India with age-old traditions of adopting principles of “Vasudhaiva Kutumbakam” ( the whole world is one single family) and “Sarve Bhavantu Sukhin”: (May All become Happy) had always been championing and practising the conservation of biodiversity and environment. This had strongly determined the lives and activities of people in the past. The concept of conservation also gets reflected in ancient Indian texts like Arthshastra, Veda and, Manusmriti.
Two main concepts of Gandhian doctrine which have most of the solutions to meet the present challenges of biodiversity loss are related to consumerism and ahimsa. Gandhi’s idea of adopting sensible consumption (enough for everyone’s need) and Ahimsa which prohibits the consumption of other life forms including wildlife have more relevance in the present circumstances of the pandemic. The sensible consumption and waste reduction which involve the active participation of all stakeholders apart from strong policy intervention with genuine concerns are the only way forward to address the challenges of biodiversity loss and are a step towards sustainable management of natural resources.

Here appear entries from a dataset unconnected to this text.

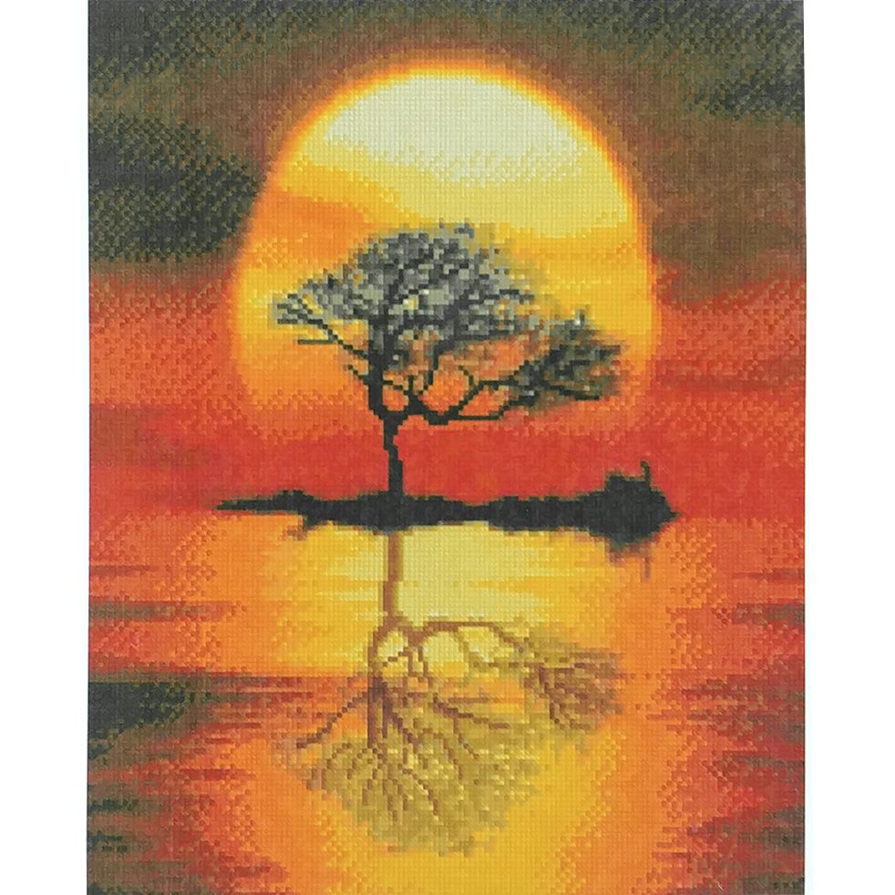 Алмазна мозаїка Strateg ПРЕМІУМ Дерево на заході сонця розміром 40х50 см (D0056) - складність 3, кількість кольорів - 26.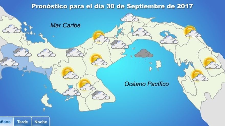 Lluvias dispersas por la mañana, tormenta con lluvias por la tarde y cielo nublado por la noche, es el pronóstico del clima para la ciudad de Panamá para este sábado 30 de septiembre.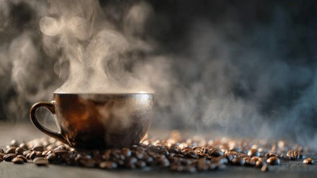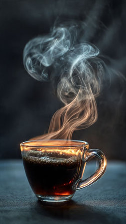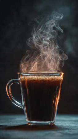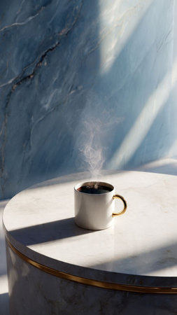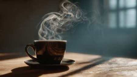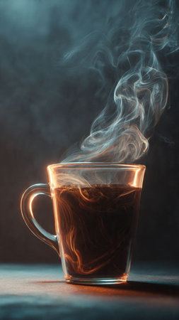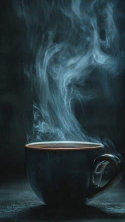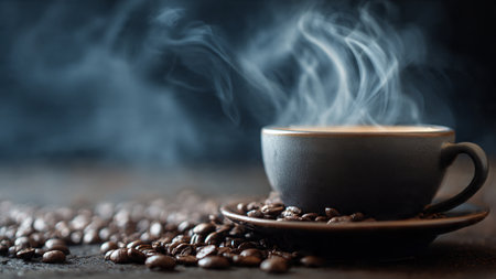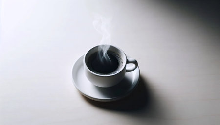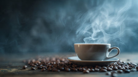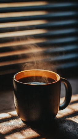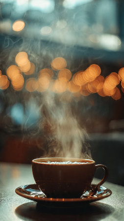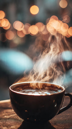 A cozy scene featuring a steaming cup of coffee against a soft background, ideal for evoking feelings of warmth and comfort during mornings or breaks.

The solutions and strategies to reduce the rate of biodiversity loss are very complex which involve participation and action form multiple groups including civil society. While attempts to revive the economic growth are inevitable and need of the hour, we should also ensure that our actions and strategies should not go against the grain of nature. It is high time to take cognizance of natural services and ecosystem services while planning for revival interventions for ensuring a balance between economics and the environment. With recent experience of pandemic and significance of the environment in the overall well-being of humanity, the corporations across the world need to rework their strategies towards conservation of biodiversity. The continued poor allocation to environment-related interventions under the CSR has to be re-evaluated and accordingly reworked. The Indian government’s recent intention of seeking CSR funding for Biodiversity protection is a welcome beginning to celebrate this year’s Biodiversity day. The dreaded pandemic has reminded us to bring transformative changes with due consideration to environmental ingredients. Let us tread carefully while adopting the approach of “business as usual”. Let the learnings from past experiences, successes and challenges, fortified with the dedication to build back better, lead us to enter into a new era of a balanced world by creating more sustainable, resilient and inclusive societies.